104. Favorite type of sock? Uh, black?
105. Do you have any piercings? Just in my ears.
106. Do you like dogs? Very much so.
107. Do you get along with other people's parents? I suppose. I'm not exactly friends with any of them, though.
108. Would you eat human flesh for money? If everything was clean and fully-cooked, and the person was dead anyway, and it was enough money to be worth the attention, then, yeah, what the hell.
109. Have you ever seen Nine Inch Nails in concert? No, but at least I know who they are.
110. Who of your friends can tell anything to you? Uh, Peter, maybe?
111. Pancakes or waffles? Mmm... waffles.
112. Do you want to talk to anyone right now? Not particularly.
113. Would you have sex before marriage? Why or why not? Would and have. Some people don't like that, but I don't particularly care.

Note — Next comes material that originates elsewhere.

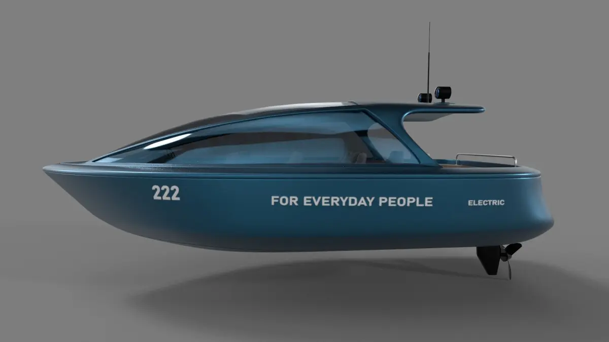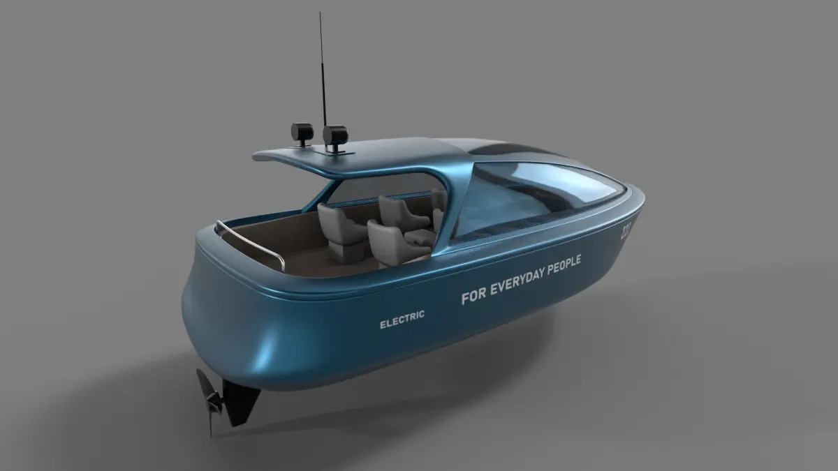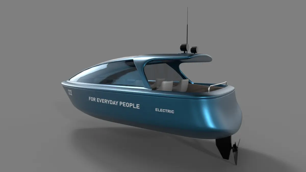 An electric boat designed for civilians, featuring a futuristic design with a transparent hull that allows a view of the water below. The boat is painted in a shimmering blue hue, blending seamlessly with the current timeline. It is powered by advanced electric motors, ensuring a smooth and eco-friendly sailing experience.

114. What is your dream job? That's a really good question. If I ever figure it out, I'll let you know.
115. Do you wear perfume? Hardly ever.
116. Who is the fattest person you know? Uh... there's a Drama student who was rather large...

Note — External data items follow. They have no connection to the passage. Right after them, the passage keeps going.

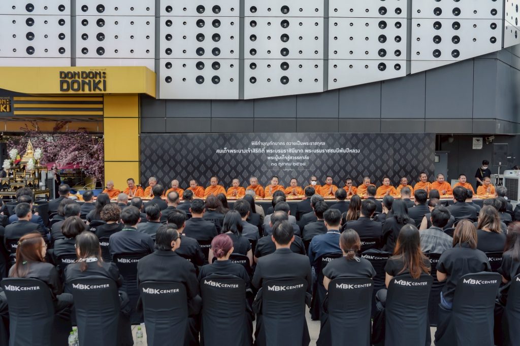 พระบรมราชินีนาถ พระบรมราชชนนีพันปีหลวง พระผู้เสด็จสู่สวรรคาลัย ด้วยการตักบาตรข้าวสาร อาหารแห้ง แด่พระสงฆ์ จำนวน ๒๐ รูป พร้อมถวายความอาลัยด้วยการยืนสงบนิ่งเป็นเวลา ๙๓ วินาที โดยพร้อมเพรียงกัน ด้วยความจงรักภักดีและน้อมสำนึกในพระมหากรุณาธิคุณอันล้นพ้นหาที่สุดมิได้ ณ ลานสกายวอล์ค ศูนย์การค้าเอ็ม บี เค เซ็นเตอร์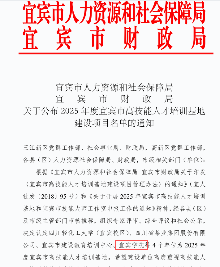 近日,宜宾市人力资源和社米乐6m登录保障局联合市财政局正式发布公告,我米乐网页版凭借在食品发酵领域的深厚积淀与办学实力,成功入选2025年度宜宾市高技能人才培训基地。1月19日,宜宾市人民政府副市长刘勇为基地授牌。这是我米乐网页版深化米乐网页版地合作、产教融合、服务地方经济的重要成果,是在高技能人才培育领域的突破,标志着学米乐网页版在应用型转型办学方面迈出新的一步,为地方高技能人才培养注入动能。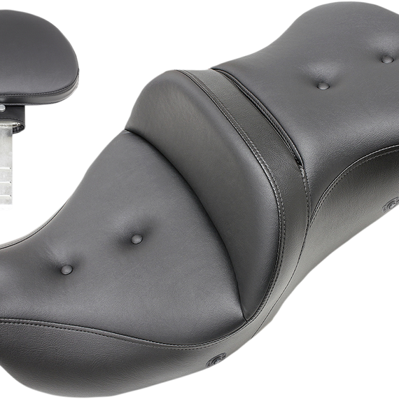 Caracteristicas: Refined split-cushion design separates the seating surface from the lumbar support to reduce tailbone/back pressure for maximum long-range comfort Seat features a combination of progressive density foam and SaddleGelƒ?½ inserts for superior driver and passenger comfort Pillowed soft upholstery cover backed by a compliant foam layer under the cover to provide incredible comfort and style Classic styled button-tufted cover Made in the U.S.A.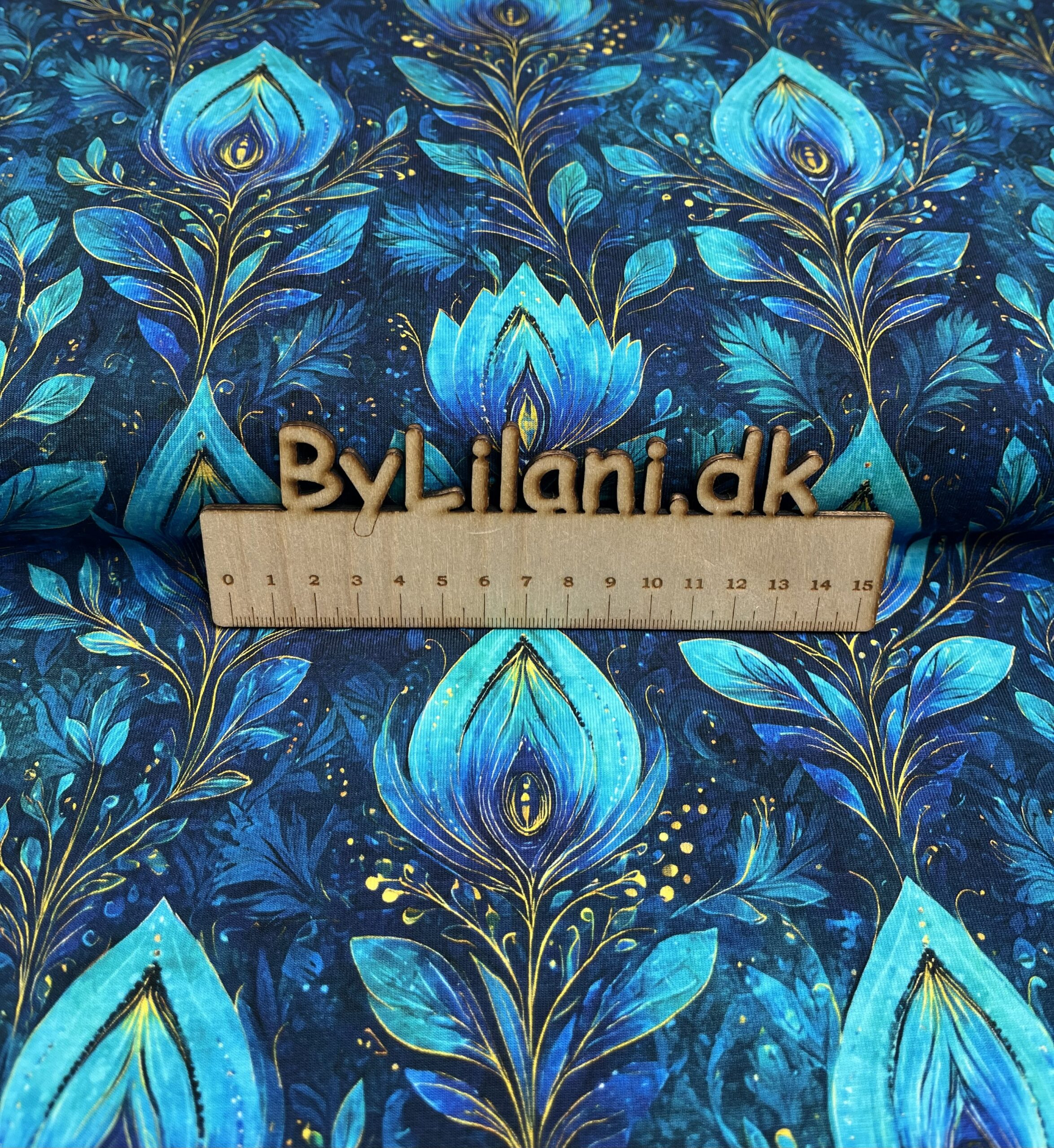 Jersey digital print – Panel – Turkis med blomstermark

117. How are you feeling right now? Ansty, and a little cold.
118. Do you brush and floss? Yes, but generally not together. I only floss when I have stuff stuck in my teeth.
119. Do you believe in aliens? Do I believe that life exists somewhere else in the universe? Yes. Do I believe that there are little green men abducting people and giving them anal probes? No.

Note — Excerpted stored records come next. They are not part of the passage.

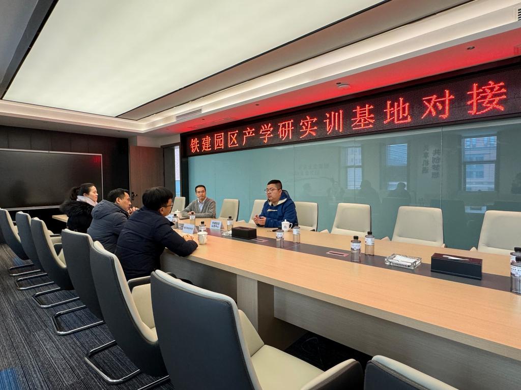 交流期间,郑毅围绕产业园的发展定位、运营情况和未来规划向学校与会人员进行讲解。乐晓勇则为企业方详细介绍了学校总体情况、产教融合育人成效和人才培养模式等内容。随后,双方围绕人才培养质量提升、校企合作方向、学生就业渠道拓展等方面内容进行深度交流。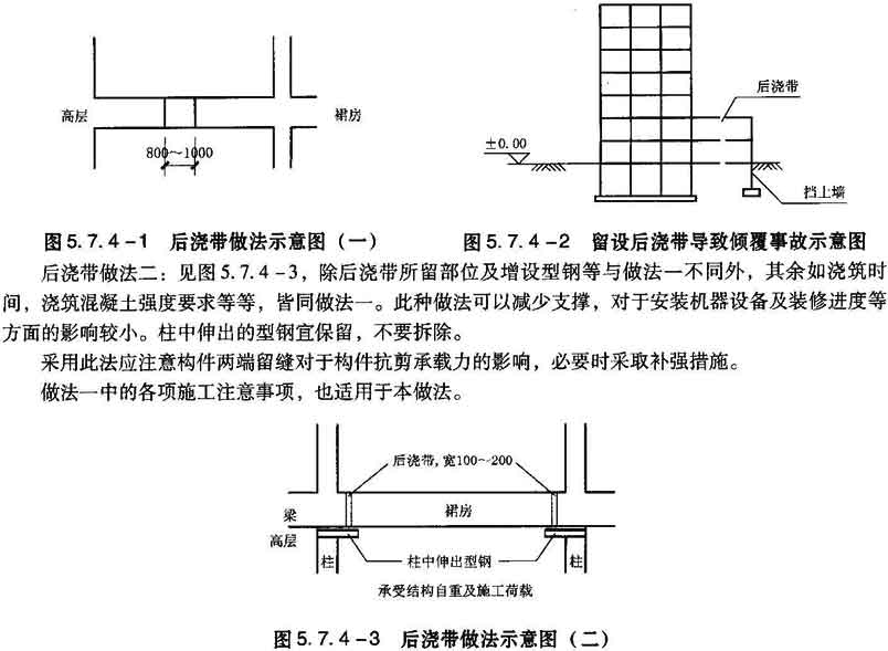 在施工图中须注明:施工单位应将后浇带两侧的构件妥善支撑,并应注意由于留后浇带可能引起各部分结构的承载力问题与稳定问题,图5.7.4—2说明由于设置后浇带使裙房挡土墙的侧压力不能传递至高层主楼,可能导致施工时裙房部分倾覆、发生事故。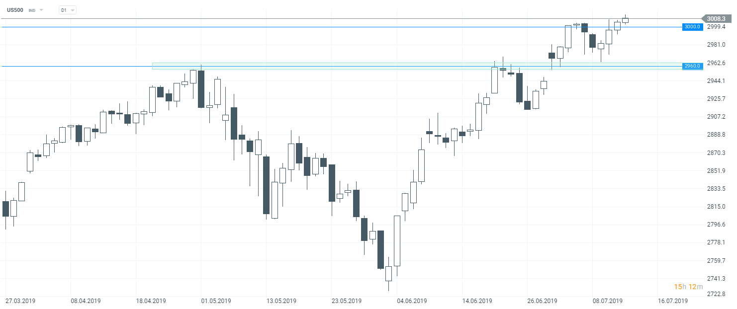 US500 utrzymuje się powyżej 3000 pkt. Dopóki cena znajduje się ponad strefą przy 2960 pkt, obowiązuje tendencja wzrostowa. Aby mówić o większej korekcie spadkowej, rynek musiałby spaść poniżej strefy zaznaczonej kolorem zielonym. Źródło: xStation5

120. What is your hair color? Blonde.
121. What's the most common name you know? Alex, probably.
122. What's the longest car ride/road trip you've been on? Probably driving to and from Vancouver in one day each.
123. When do you go to bed? When I manage to make myself. I'm no good at going to bed.
124. Who do you talk to most on the phone? Uh... I don't know. Joyce?
125. Do you believe in love? Sure.
126. What is your biggest weakness? Caffeine. And sugar.
127. Who is the stupidest person you know? I could nominate a few people for the category of "not that bright," but I don't know anybody really stupid, I don't think...
128. Who do you have a crush on now? Nobody. My boyfriend?
129. Do you sleep naked? No. It's not comfortable to me.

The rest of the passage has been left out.